A naturalização dessa perspectiva é ratificada por uma visão de que uma determinada dose de violência, que varia de acordo com a época, o grupo social e o local, deve ser aceita e torna-se até necessária, inclusive por aquelas pessoas e instituições que teriam a obrigação e a responsabilidade de proteger a sociedade e os jovens da violência. Tal aceitação social da violência opera por meio de diversos mecanismos de culpabilização da vítima.

Dessa forma, setores vulneráveis ou historicamente subalternos demandam proteção específica por meio de legislação. Um exemplo frequente é o da mulher que sofre o estupro e é responsabilizada pelo crime por trajar roupas consideradas inadequadas ou por não ter dado sinais claros de que não desejava a relação sexual (CARDOSO; VIEIRA, 2014; IPEA, 2014).

No caso de jovens e adultos, ocorre a criminalização da pobreza: todo morador da periferia e das favelas e que se traja sob códigos específicos que não são os de classe média branca e “bem-nutrida” é bandido em potencial. Os episódios ocorridos entre dezembro de 2013 e fevereiro de 2014 dos “rolezinhos” (SEVERI; FRIZZARIM; BORGES, 2015) nos shoppings paulistas ilustram tal esquema perverso. Essa temática foi objeto de quase uma centena de artigos científicos desde 2014, além de dois dossiês em revistas de sociologia:

Os rolezinhos escancararam três importantes tensões e preconceitos presentes na sociedade brasileira: de classe, de raça/cor e de idade/geração. Eles foram perseguidos e duramente reprimidos em primeiro lugar porque eram jovens pobres, como pode ser visto nos vídeos que já estão circulando na internet, mostrando jovens brancos de classe média a fazer algazarra em shoppings e sem sofrer nenhum tipo de constrangimento da equipe de segurança. Para uns o rótulo de flash mob ou brincadeira, para outros de arruaça e/ou arrastão. É, portanto, também uma questão de raça/cor, eleita como um dos critérios para se expulsar os jovens de dentro desses espaços, como observei pessoalmente. Além disso, foram estigmatizados pelo seu gosto de classe, por apreciarem um gênero musical, criado, performatizado e ouvido, não só, mas principalmente, por jovens pobres. E é, dessa forma, também um conflito de idade/geração, porque são adolescentes. Há, na atualidade, uma crise de autoridade na relação entre adultos e adolescentes, ou entre os mais

velhos e mais novos, evidenciada nos muitos problemas que acontecem na relação professor/aluno em escolas de ensino médio das classes mais ricas às classes populares, sem distinção. A única distinção deve-se ao fato de que no último caso os conflitos são publicizados e criminalizados. Os limites educativos da juventude pobre no Brasil hoje são quase sempre dados pela polícia (PEREIRA, 2014).
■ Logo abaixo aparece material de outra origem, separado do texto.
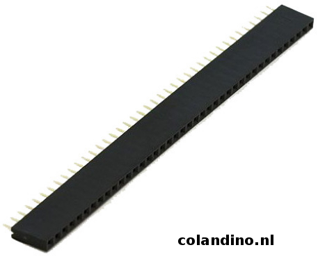 Female header 40 pinnen met een afstand van 2,54 mm tussen de pinnen en een zwarte kleur.

As tensões mencionadas pelo antropólogo em sua etnografia desdobram- se nos dados a respeito do adolescente como vítima da violência.

De acordo com o Mapa da Violência 2014 (WAISELFISZ, 2014), com exceção do deslocamento geográfico e da consistente vitimização juvenil, não aconteceram grandes mudanças nas taxas nacionais de homicídio: em 2002, a taxa nacional foi de 28,9 por 100 mil, quase idêntica à taxa de 29,0 em 2012.

A desconsideração das informações étnico-raciais advindas do Sistema de Informação de Mortalidade (SVS-MS, 2014) e essa aparente estabilidade dos índices de homicídio nos dois extremos da década pode colaborar para o ocultamento das transformações profundas da lógica interna da violência: a seletividade social dos que serão assassinados é crescente e previsível.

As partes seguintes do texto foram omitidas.